Gerade das Nicolaus-Cusanus-Gymnasium hinter sich, da wollten sie Bergisch Gladbachs Lokalpolitik aufmischen, die Gründer der „Bürgerinitiative für eine jugendgerechte Stadt”. Das war vor 20 Jahren. Der erste Anlauf scheiterte an der Bürokratie. 1999 traten die Jungspunde als „Kiditiative” wieder an und gewannen zwei Ratsmandate, 2004 sogar vier.

Seither haben die Jungpolitiker reichlich Papier gefressen, viel zu lange in Ausschüssen gesessen – und sind nebenbei erwachsen geworden. Nach dem Studium zogen Aktivisten fort, gründeten Familien oder traten wie Ratsmitglied  Alexander Voßler zur CDU über. Die Mitglieder rund um die Ratsherrn Fabian Schütz (inzwischen 37) und Nachrücker Hendrik Sonnenberg ließen sich an einer Hand abzählen. Eigentlich sei die Partei „positiv gefloppt“, räumt Schütz im Gespräch ein. Aber:

Als Politiker muss man wie ein Extremsportler ticken – dann macht es Spaß.”

Der Spaß kommt zurück – denn die „Kids“ bekommen gerade noch rechtzeitig frisches Blut, wenn auch kein junges: nach einem handfesten Krach in der Piratenpartei wechselte gleich ein halbes Dutzend Ex-Piraten in die Kiditiative.

Fabian Schütz, Klaus Graf, Hendrik Sonnenberg, Thomas Obermeier

Alte und neue Mitglieder passen in den Grundwerten und Zielen gut zueinander, daher handele es sich nicht um eine freundliche Übernahme, sondern um eine Fusion unter Gleichgesinnten, betont Schütz.

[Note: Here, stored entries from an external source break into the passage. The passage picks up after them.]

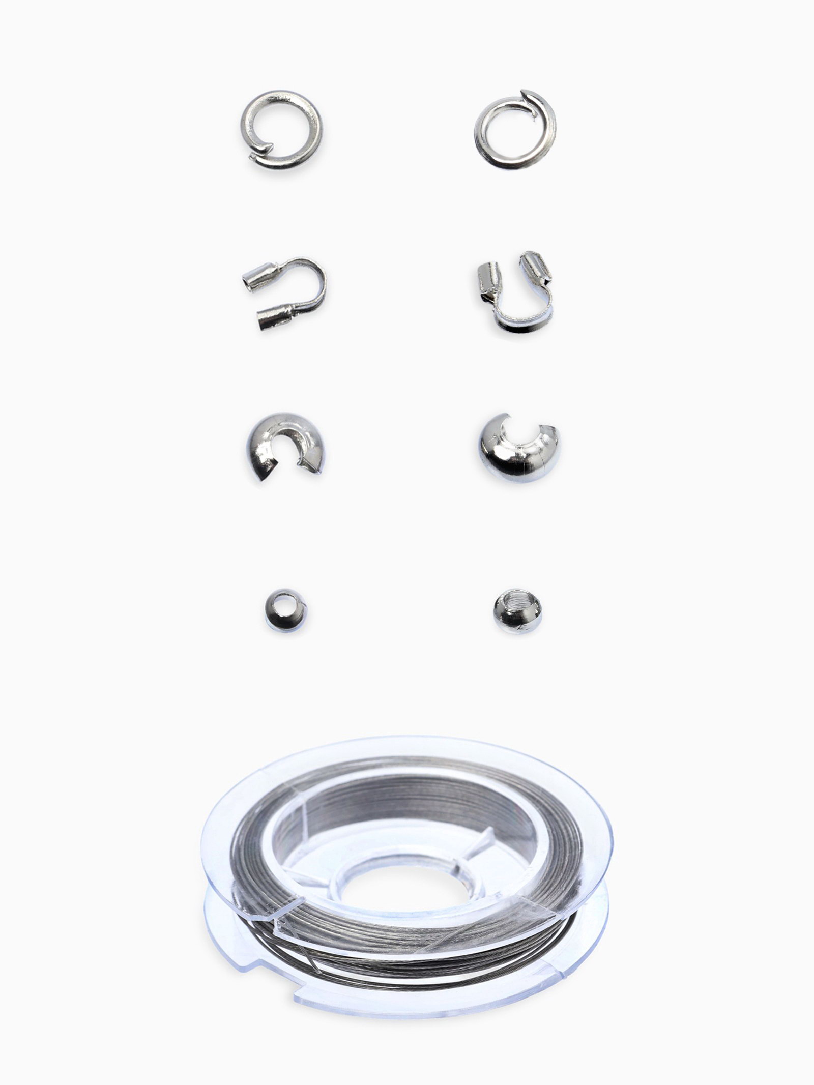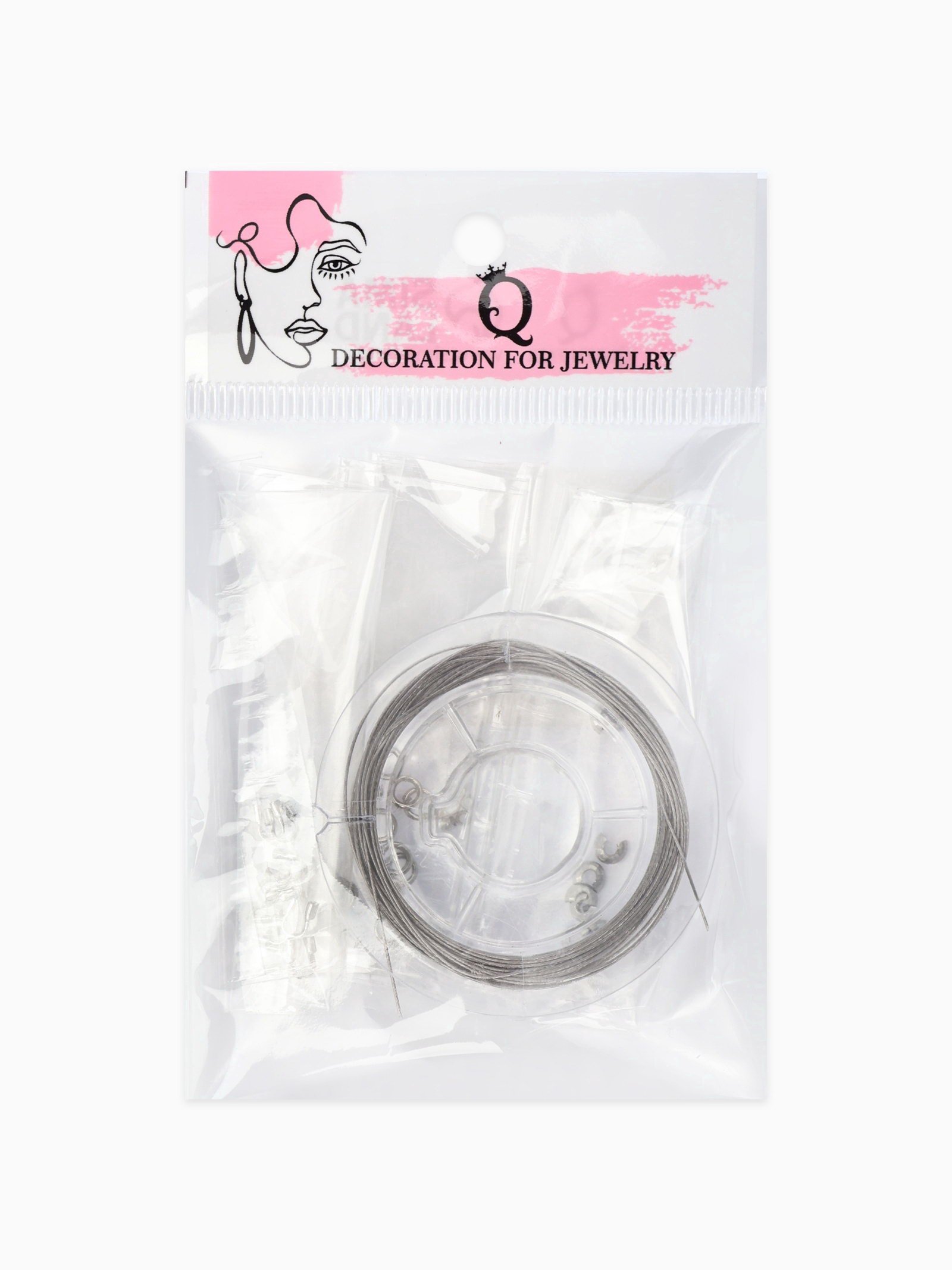 Набор для создания украшений "База", тросик, кримпы, шапочка, протектор, кольца, 61 предмет, цвет серебро, 7x7x0.5 см., QF, Китай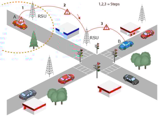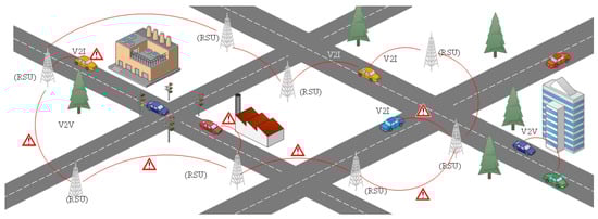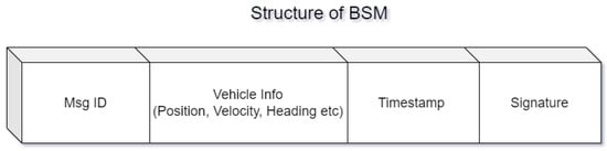 A lot of data are shared through the vehicular network and are made available for the consumption of the surrounding vehicles. This information contains important events as well as regular updates about the generating source. Important events can be classified as data regarding any road accidents, heavy traffic, and/or any relevant urgent information that needs to be addressed in real time, whereas regular updates are messages that are periodically generated by vehicles informing others about their speed, location, heading, etc., known as basic safety messages (BSMs). In an ideal situation, the information is disseminated flawlessly in connected vehicles, but in actuality, this information is vulnerable to attacks initiated by malicious attacker vehicles present in the network. Schemes need to be adopted to counter and detect attacks that are currently exploiting the network. In [2], the authors surveyed identity-based cryptographic schemes used for the security and privacy concerns in VANETs. The protection and safeguarding of the regular updates are as vital as the important messages that are disseminated in a timely manner, as any potential attacker could be listening in on the regular updates of the connected vehicles and could launch different types of attacks depending on the attacker’s intention. In [3], the authors proposed a secure data-sharing scheme for 5G-enabled vehicular networks without using the RSUs.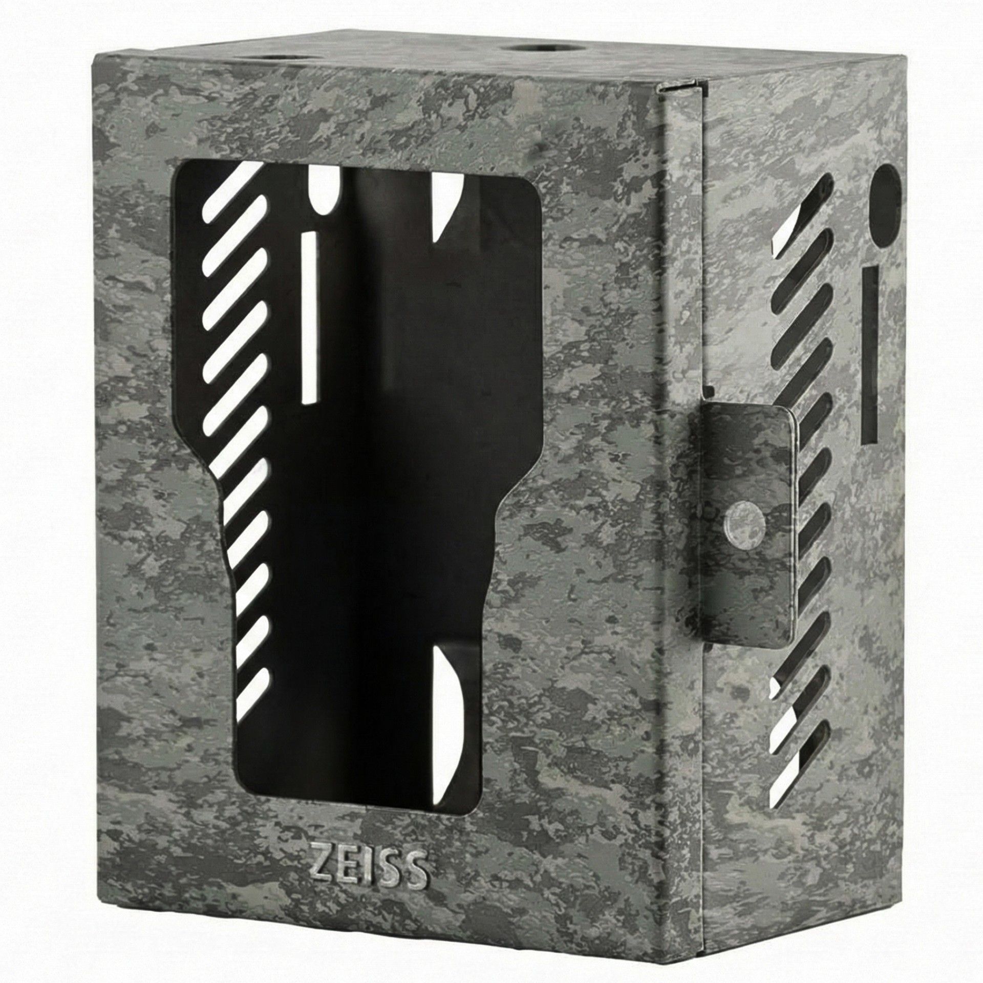 Protégez efficacement votre ZEISS Secacam 1 avec ce boîtier métallique robuste en acier de haute qualité. Il enveloppe entièrement la caméra et offre une qualité d'enregistrement illimitée grâce à des découpes précises pour l'objectif, le capteur et le panneau de LED noires. Le motif camouflage assure la discrétion de la caméra dans la nature, tandis que l'espace entre la caméra et le boîtier augmente la résistance aux chocs et la protection contre le vandalisme.

Dennoch sorgten die neue Mitglieder mit Blick auf die kommende Wahl rasch für eine Komplettrenovierung: Stolz präsentierten alte und neue Mitglieder am Donnerstag im großen Saal des Rathauses das volle Programm: neuer Name, neuer Vorsitzender, neuer Bürgermeisterkandidat, neue Website, neuer Facebook-Auftritt. Nur inhaltlich bleibe man sich treu.

„Demokratie von Verkrustungen befreien“

Aber der Reihe nach. Die Wählervereinigung heißt ab sofort Demokrative14, in Anlehnung an den alten Namen, unter Anspielung an die Dynamik einer Lokomotive – und mit Hinweis auf den „Markenkern”, wie der neue Pressesprecher Hans-Gunther (HG) Ullmann erläutert: „Die Demokratie von Verkrustungen befreien.” Auch dazu später mehr.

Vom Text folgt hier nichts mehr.